Esperion, however, believes it can find a market niche between the pricey PCSK9 blockers and generic treatments with a more moderately priced drug that still delivers decent LDL lowering.
Bempedoic acid is an oral, once-daily ATP citrate lyase (ACL) inhibitor which reduces cholesterol biosynthesis, thereby lowering so-called 'bad' cholesterol or LDL-C. A recent study showed the drug reduced LDL-C by 23% from baseline, whereas those on placebo had a 5% increase in LDL-C levels.
In this more recent study, Esperion added bempedoic acid to PCSK9 inhibitors, aiming to showcase the drug's complementary ability.

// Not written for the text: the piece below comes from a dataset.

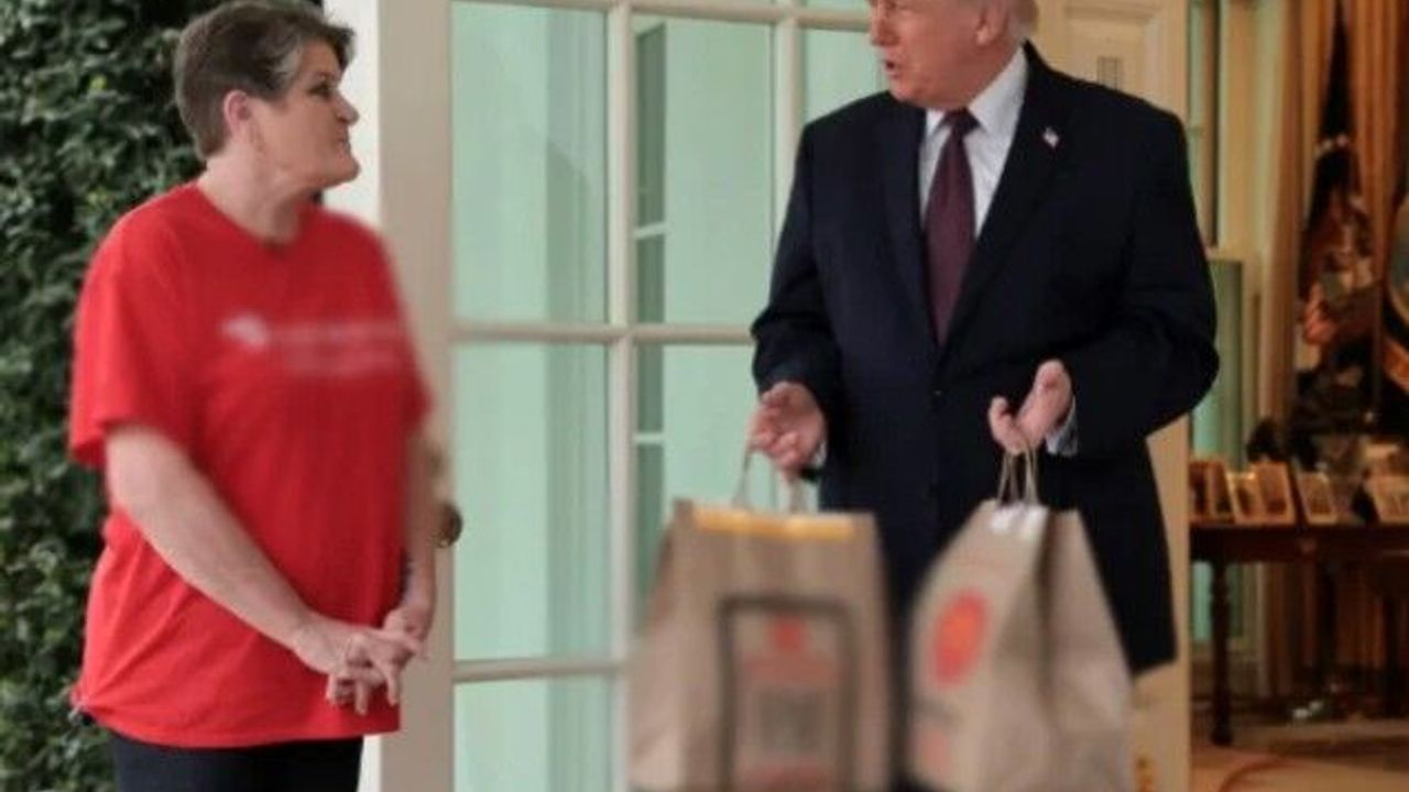 Kurye, Trump’ın sipariş ettiği iki torba fast food ürününü Batı Kanadı önünde teslim etti. Siparişte hamburger ve patates kızartması gibi ürünlerin bulunduğu belirtildi.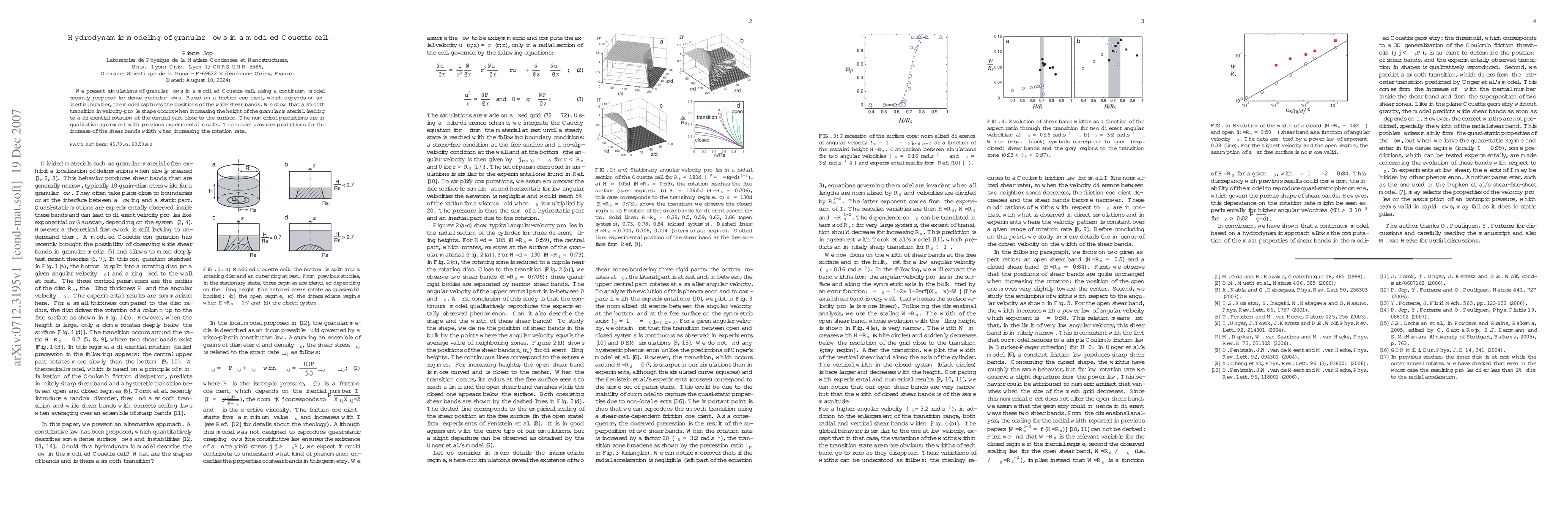 This study simulates granular flows in a modified Couette cell using a continuum model that correlates friction with an inertial number, accurately predicting the formation of shear bands. The model reveals a smooth transition in velocity profiles with increased material height and predicts the widening of shear bands with higher rotation rates, aligning with experimental observations.

"The results of this Phase 2 study show that bempedoic acid can also be safely and effectively used in patients who require additional LDL-C lowering despite taking an injectable PCSK9 inhibitor," said Esperion CEO Tim Mayleben in a March 27 statement.
Esperion expects to file bempedoic acid for U.S. approval both as monotherapy and in combination with ezetimibe by the first quarter of 2019, with a submission to the European Medicines Agency to follow shortly thereafter.
Regulatory submission remains pending chronic safety data, due in mid 2018, which Jefferies analyst Michael Yee describes as "a significant derisking event for the company and key catalyst for stock appreciation" if it proves positive.
"We believe the upcoming Phase III long-term safety trial (Study 1) will be positive in May and could serve as a key catalyst to push the stock towards our upside scenario of $100+," Yee added.